**Your goal**.
Without including the pictures, copy out every line below.

**Exercise data**.
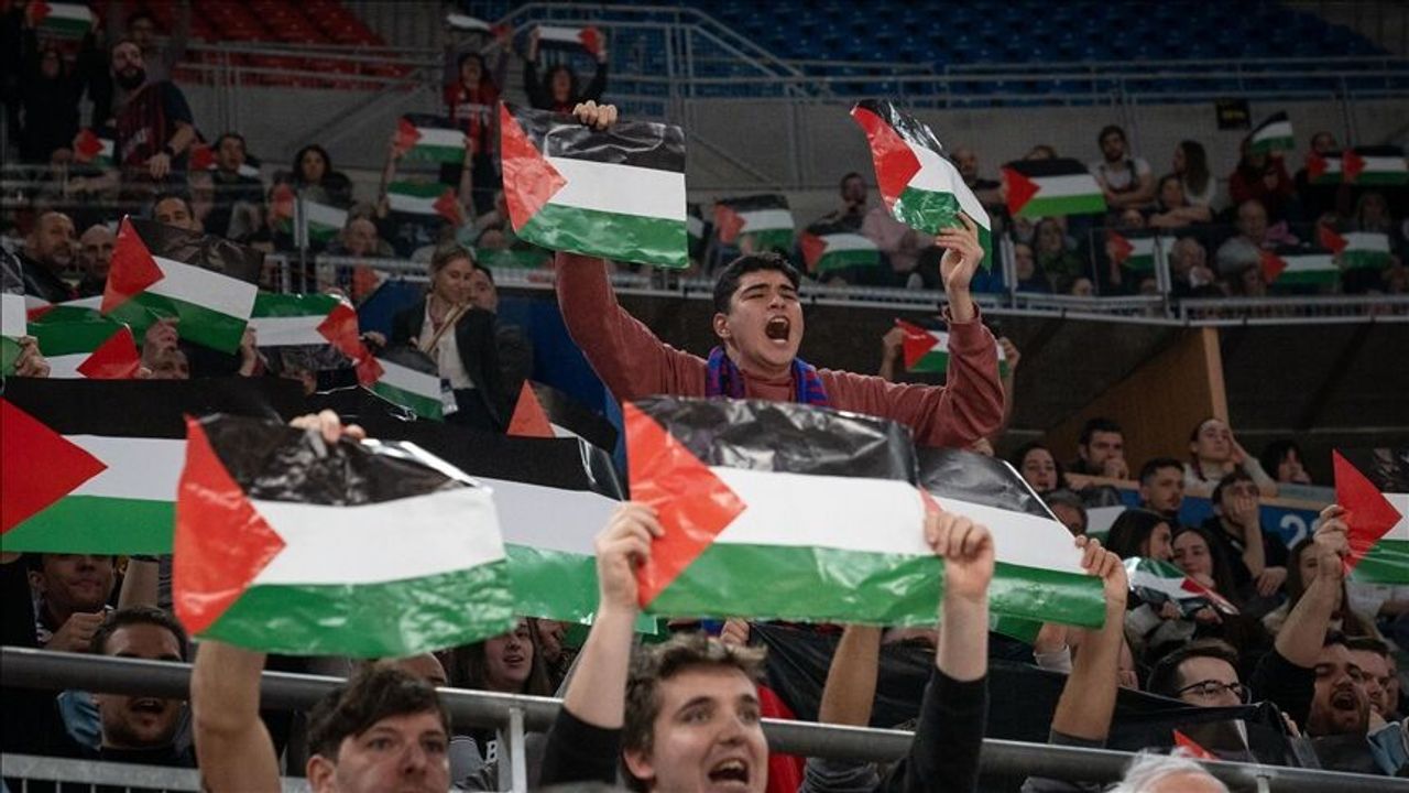Spor Haber - İsrail’in tüm spor organizasyonlarından men edilmesi yönünde küresel çapta çağrılar yapılırken, Avrupa Ligi’nde dün oynanan Hapoel Tel Aviv - Maccabi Tel Aviv basketbol karşılaşmasında 7 Ekim 2023’te hayatını kaybeden İsrail vatandaşları için saygı duruşunda bulunulması dikkati çekti.
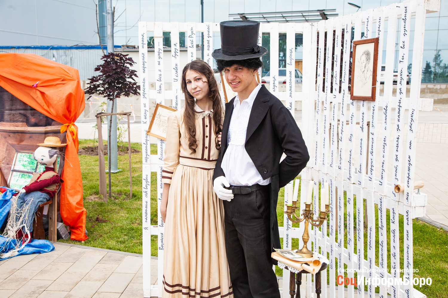 Для гостей мероприятия работали специальные фотозоны с героями произведений А.С. Пушкина. Все желающие могли сфотографироваться с самим поэтом, в роли которого выступил один из волонтеров.
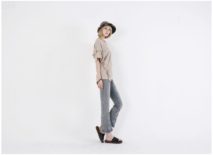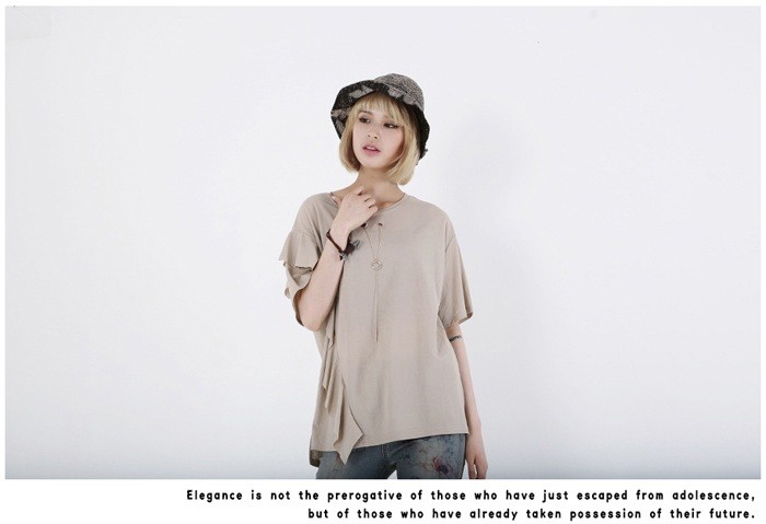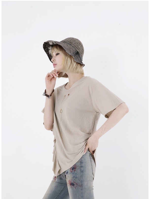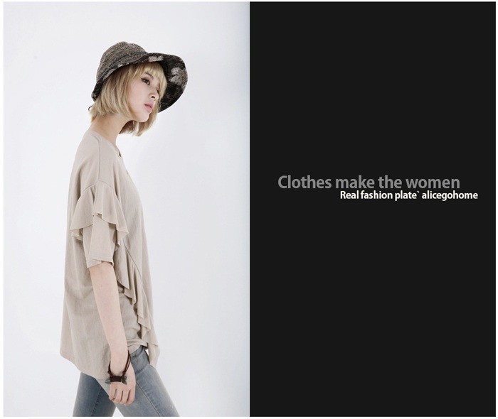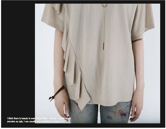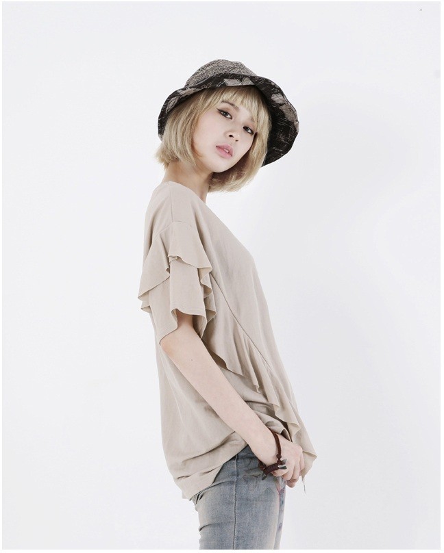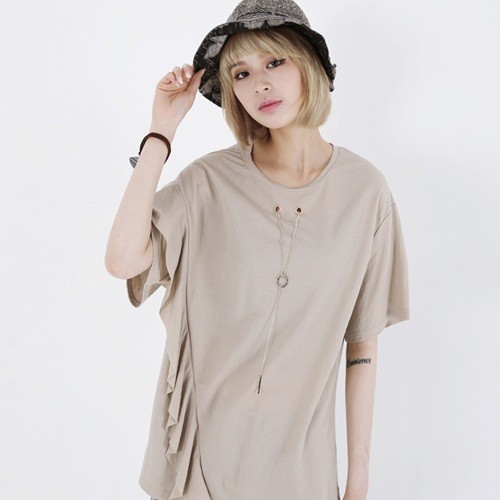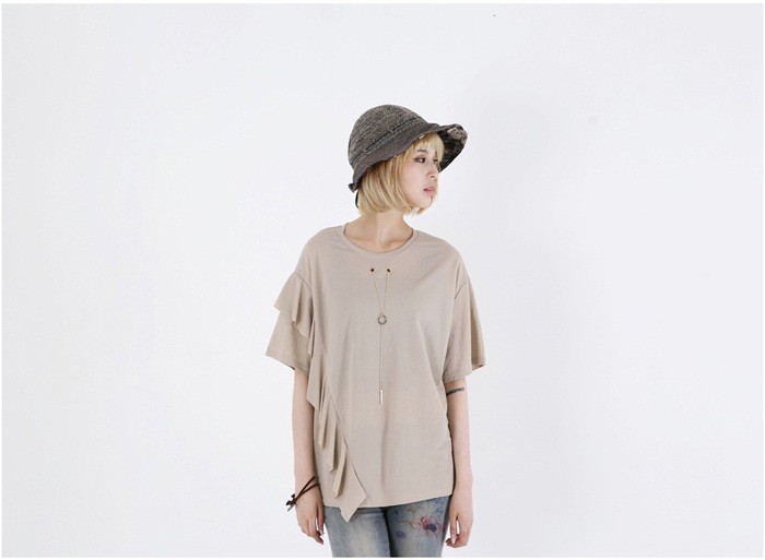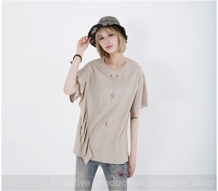 商品名:トップス レディース Tシャツ 無地 フリル 半袖 春 2018 モード系 個性的 40代 ファッション

**Reply**.
Spor Haber - İsrail’in tüm spor organizasyonlarından men edilmesi yönünde küresel çapta çağrılar yapılırken, Avrupa Ligi’nde dün oynanan Hapoel Tel Aviv - Maccabi Tel Aviv basketbol karşılaşmasında 7 Ekim 2023’te hayatını kaybeden İsrail vatandaşları için saygı duruşunda bulunulması dikkati çekti.
 Для гостей мероприятия работали специальные фотозоны с героями произведений А.С. Пушкина. Все желающие могли сфотографироваться с самим поэтом, в роли которого выступил один из волонтеров.
 商品名:トップス レディース Tシャツ 無地 フリル 半袖 春 2018 モード系 個性的 40代 ファッション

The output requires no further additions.